3-year-old Randa starves as Yemen aid dries up

Crying and struggling to breathe, three-year-old Randa sits on a metal bed in a tent in northwest Yemen's Hajjah province, her weight similar to that of a healthy newborn.

Like millions across the war-torn country, and hundreds of children in the province, Randa is hungry.

She suffers from severe acute malnutrition, exacerbated by the desperate conditions at the Al-Khudash displacement camp she and her parents call home.

A seven-year-long civil war between pro-government forces and Huthi rebels has pushed the country to the brink of famine.

Hundreds of thousands are estimated to have died and millions have been displaced in what the United Nations calls the world's worst humanitarian crisis.

It has repeatedly warned that aid agencies are running out of funds, forcing them to slash "life-saving" programmes.

The UN last year appealed for $3.85 billion to pay for urgently needed aid, but just $1.7 billion was offered at a virtual pledging conference.

Randa, who now weighs just four kilograms (under nine pounds), is among those paying the price.

"Medicine has not helped her," her mother, Saleha Nasser, told AFP.

Clinics have directed the family to a hospital in the capital Sanaa, some 150 kilometres (90 miles) southeast, "but we don't have the money to take her", Nasser said.

'NO FOOD AT ALL'

More than 2,600 families live in extreme poverty in makeshift tents -- some without roofs -- in the barren Al-Khudash camp as the conflict hampers much-needed aid deliveries.

Hundreds of children like Randa suffer from severe acute malnutrition in displacement camps in Hajjah as fighting rages, said Ali al-Ashwal, head of a local hospital.

"We sometimes receive more than 300 cases in one month, and those are just the ones that were able to make it to hospital," he told AFP.

At the facility, emaciated children lie on beds covered in purple sheets in a specially designated room. Many are crying and unable to sleep.

There are 20 beds, and all are occupied.

"Nearly two-thirds of major UN aid programmes had already scaled back or closed altogether" by the end of January, Martin Griffiths, the UN's under-secretary-general for humanitarian affairs, told the Security Council this week.

The UN's World Food Programme in December reduced food rations for eight million people, and Griffiths warned that from next month those people "may get no food at all -- or just a reduced ration".

"In March, we may also have to cancel most UN humanitarian flights in Yemen, which would cause enormous problems for the aid operation," he added.

'DEATH SENTENCE'

The years of conflict, economic collapse and the coronavirus pandemic have devastated Yemen, which was already the Arabian Peninsula's poorest country.

The UN said last year that an estimated 16.2 million people were acutely food insecure, and projected that nearly 2.3 million children under the age of five would suffer from acute malnutrition.

Some 400,000 of those children could die if they do not receive urgent humanitarian assistance, it had said.

"Looming disruptions to water and sanitation services -- again for want of funds -- could soon deprive 3.6 million people of safe drinking water, putting them, and especially children under five, at greater risk of deadly diseases," Griffiths said this week.

Battles between the warring sides have intensified in recent months, with the conflict showing no signs of abating.

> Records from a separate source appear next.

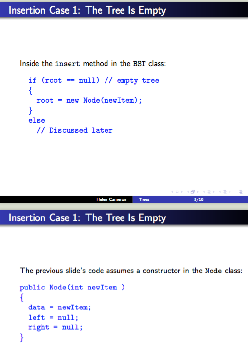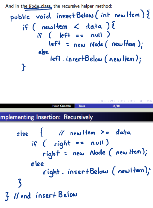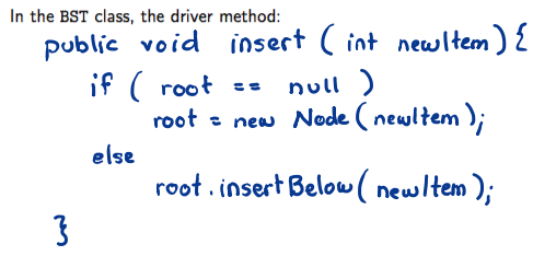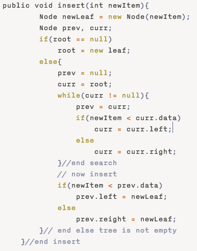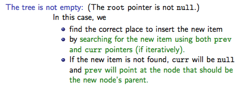 What is the iterative insert code if the BST is NOT empty(after the initial else condition)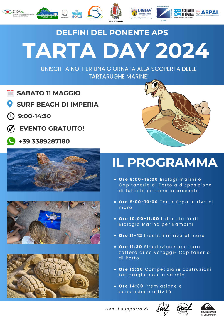 9.00-14.30. ‘Tarta Day 2024’: giornata alla scoperta delle tartarughe marine con numerose iniziative. Evento a cura dei Delfini Del Ponente APS in collaborazione con il Centro di Educazione Ambientale del Comune di Imperia. Spiaggia Surf Beach di Borgo Marina (per conoscere il programma della giornata cliccare questo link)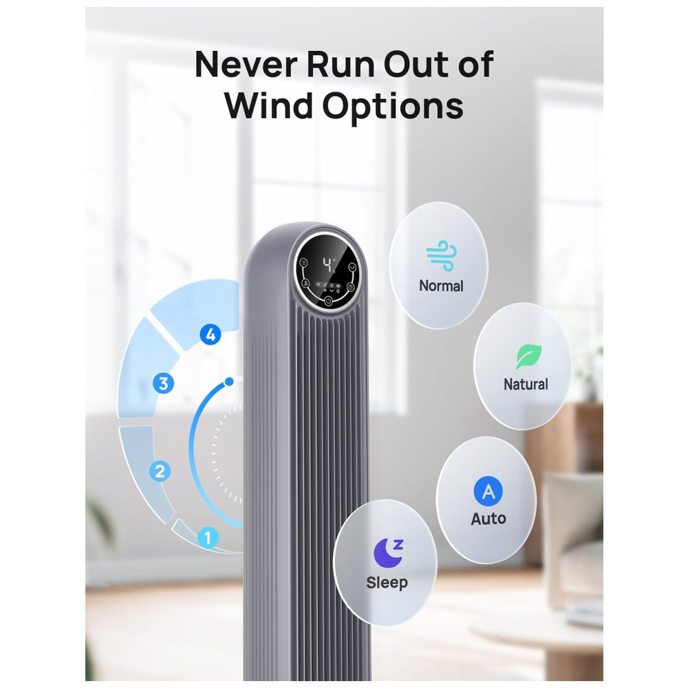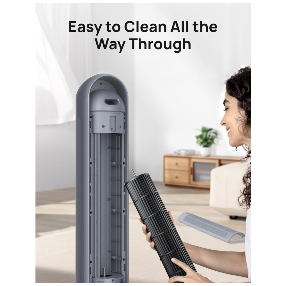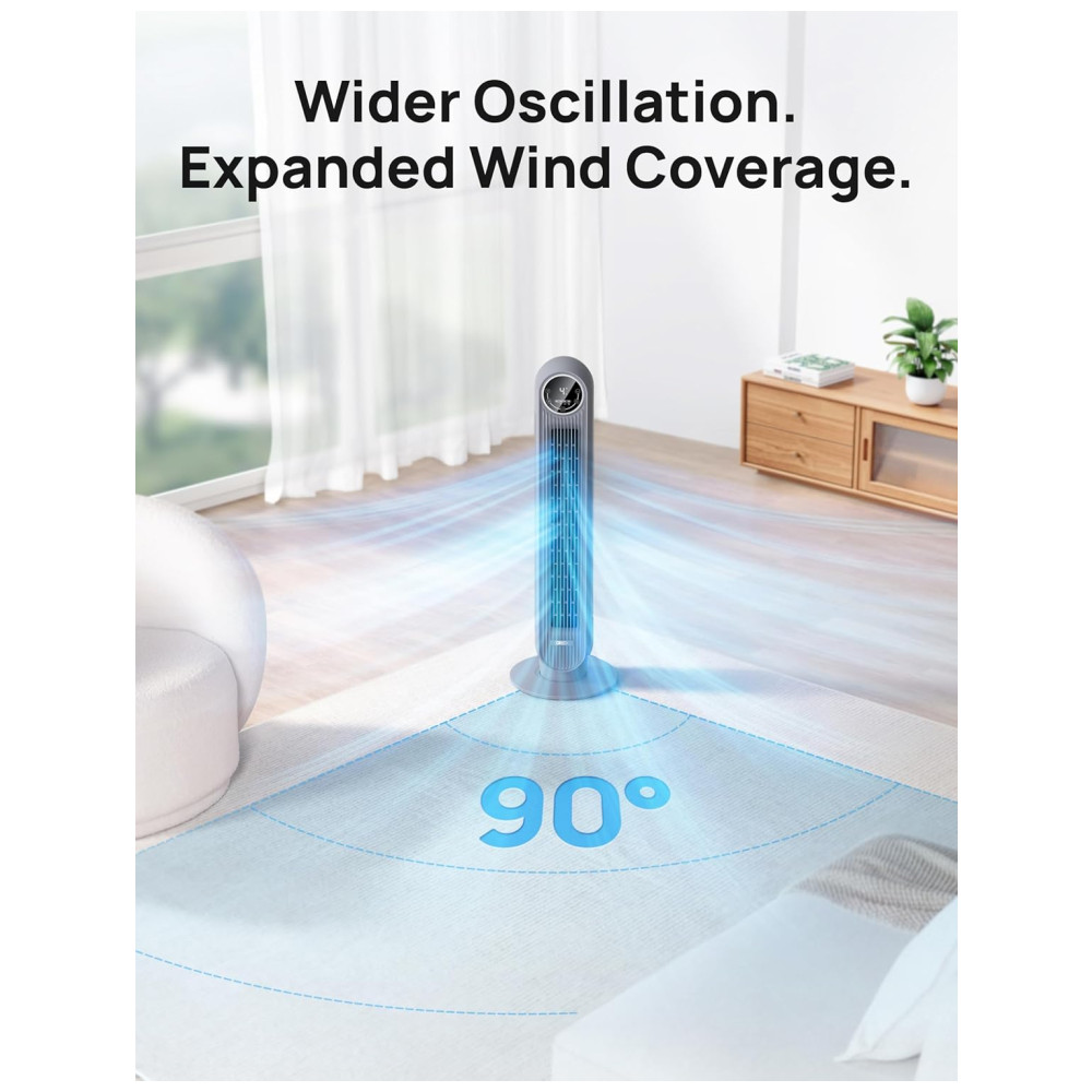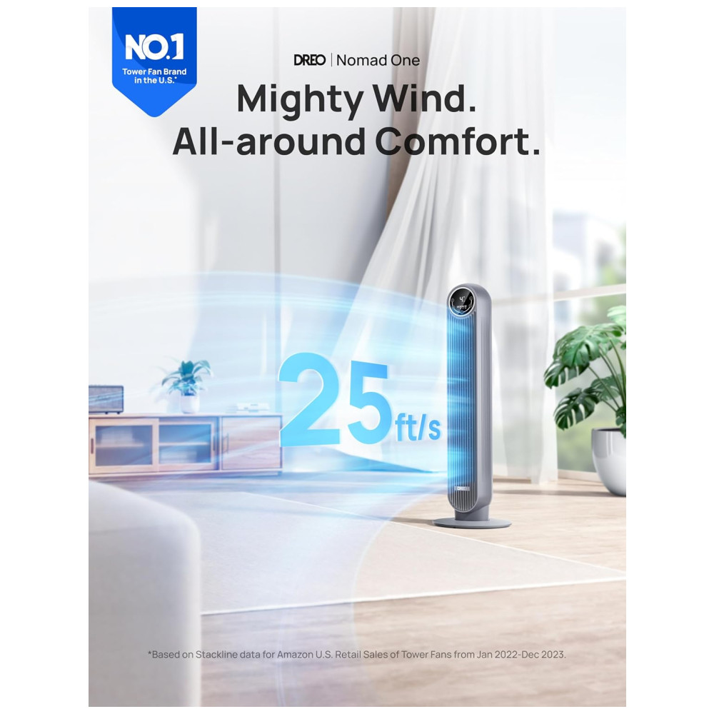 O ventilador de torre portátil Dreos Allinone é equipado com um motor elétrico supercarregado, oferecendo alta velocidade e resfriamento rápido. Com 36 polegadas/ 91 cm de altura, ele é compacto, mas capaz de refrescar rapidamente até 25 pés/ 7 metros de distância, proporcionando uma brisa fresca em todo o ambiente. O design do impulsor algorítmico e o efeito Conada garantem um fluxo de ar suave e silencioso, criando um ambiente de serenidade e conforto durante o dia, sem ruídos indesejados.

The UN said that over 650 civilian casualties were reported in January, with an average of 21 people killed or wounded per day -- the highest toll in at least three years.

"The war is finding people in their homes, schools, mosques, hospitals and other places where civilians should be protected," said Griffiths.

"If these gaps (in funding) aren't addressed, it will simply be a death sentence for people whose coping mechanisms in some cases are completely exhausted and who rely on assistance for their survival," he added.